Long haul truck hauling ass. 

Ten hours after leaving Fairbanks we arrived in the early evening in Coldfoot - but still in bright sunlight.  Coldfoot was a small settlement on the Koyukuk River river that Mardy and Olaus passed through after weeks traveling and camping on the frozen Yukon and tributaries.  It was named not because of frostbitten feet, but rather after living a winter here, many settlers got "cold feet", IE fearful, and left.  Coldfoot now is only a wide spot in the road for truckers to take a break and get a meal.  The only accommodation is former pipeline-worker housing - basically trailers cobbled together that still smell of diesel.  It's also the home for the Interagency Visitor Center for the Gates of the Arctic N.P. and other federal lands north of Denali.  I love Federal Visitor Centers;  they are informative, have great topical books/maps and the people are very friendly - this was no exception.  

Coldfoot - essentially a truck stop

Our Dorm Room

Robin uncertain about a meal with no wine - only Bud.  
The Alaska shaped sign on the bar says "Furthest North Saloon in the US"

After arriving, settling into our dorm room, and dining on the buffet with truckers we boarded a six-seater just before 10:00 at night for an hour plus air-tour of Gates of the Arctic N.P.  There are no trails or roads as mentioned, so by air is the only way to see it without weeks of hiking cross-country in bug-infested bear country.  Despite the late hour it was gorgeously lit by the circling sun and confused rain clouds.  

Flight under heavy clouds over Gates of the Arctic N.P. 
Note the lack of trees.

Higher peaks and river valleys that twist and turn in Gates of the Arctic N.P.

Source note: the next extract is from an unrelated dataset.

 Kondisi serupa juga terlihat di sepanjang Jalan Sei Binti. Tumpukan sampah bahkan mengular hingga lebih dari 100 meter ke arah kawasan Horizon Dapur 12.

Vastness of Gates of the Arctic N.P.

Our next day we scheduled a drive to Atigun Pass, about two hours north on the Dalton Highway.  This pass over the Brooks range separates the taiga (with stunted Black Spruce trees) from the North Slope tundra (all growth within six inches above or below the surface).  Our driver was a nice young man from rural Colorado.  He and his wife are year-round residents for their second season.  They homestead, love exploring the outdoors, guide and have an on-line business making jewelry for additional income.  Like all up here, they live in a dry cabin.  Having only lived in Alaska for two years they were delightfully normal and conversant.  When you think about it, Coldfoot is twelve hours from any rescue or assistance if needed.  Living in the wilderness, like this young couple, requires self-reliance.

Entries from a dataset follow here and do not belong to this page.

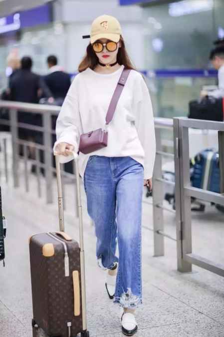 王鸥机智的把卫衣尾部**牛仔裤阔腿裤中,尽显大长腿的优势。这种大宽阔腿还特别的有气场,搭配上一张大红唇更是出彩不少。
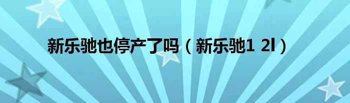 以上就是【新乐驰也停产了吗,新乐驰1 2l】相关内容。
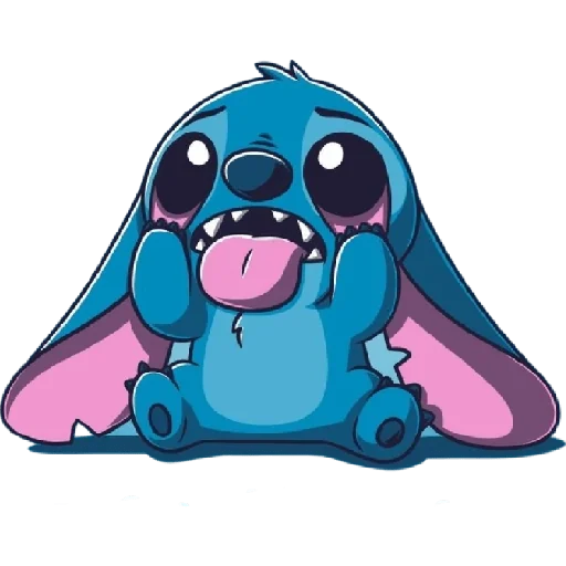Stitch, o personagem de Lilo & Stitch, sentado no chão com uma expressão triste e um palito na mão, com lágrimas no…

Black Spruce and Sukakpak Mountain heading to Atigun Pass

Pipeling winding up to Atigun Pass

Long Haul trucker cresting Atigun Pass on way to Prudhoe Bay

Returning from Atigun Pass we stopped at Wiseman, about 10 miles north of Coldfoot on the Koyukuk River where Marty and Olaus were finally able to sleep in a warm cabin welcomed by homesteaders after weeks camping in sub zero weather.  It still has only about twelve year-round residents.  The most famous is Jack Reakoff and his wife.  Their refrigerator is in the permafrost crawl space accessed through a hatch in the kitchen floor.  They grow their own vegetables, mostly roots for winter storage, and both hunt their own food.  He said their diet is about 80% meat.  Totally self-sufficient.  

Homesteader cabin, Wiseman

Homesteader Cabin, Wiseman

Jack Reakoff explaining the need for self-reliance being twelve hours from anywhere.

Jack Reakoff's living room.  Note upper left mountain sheep.  
Jack is a strong supporter of a hunt ban as their population is plummeting.

For our last day, our driver's wife took us on a pack-rafting trip, which I'd never done before, but is common here.  Basically, you roll an inflatable kayak into a pack, hike to a river, inflate it, and then float the river.  Delightfully peaceful for two hours. Robin kept her eye out for moose along the shore having never seen one.  During our drive last year through Canada we constantly saw Caution Signs with the moose outline.  However, they are elusive and we didn't see any along the river.... or in Canada.

Robin fully bug protected and ready to pack it in.

Floating the Koyukuk River to Wiseman.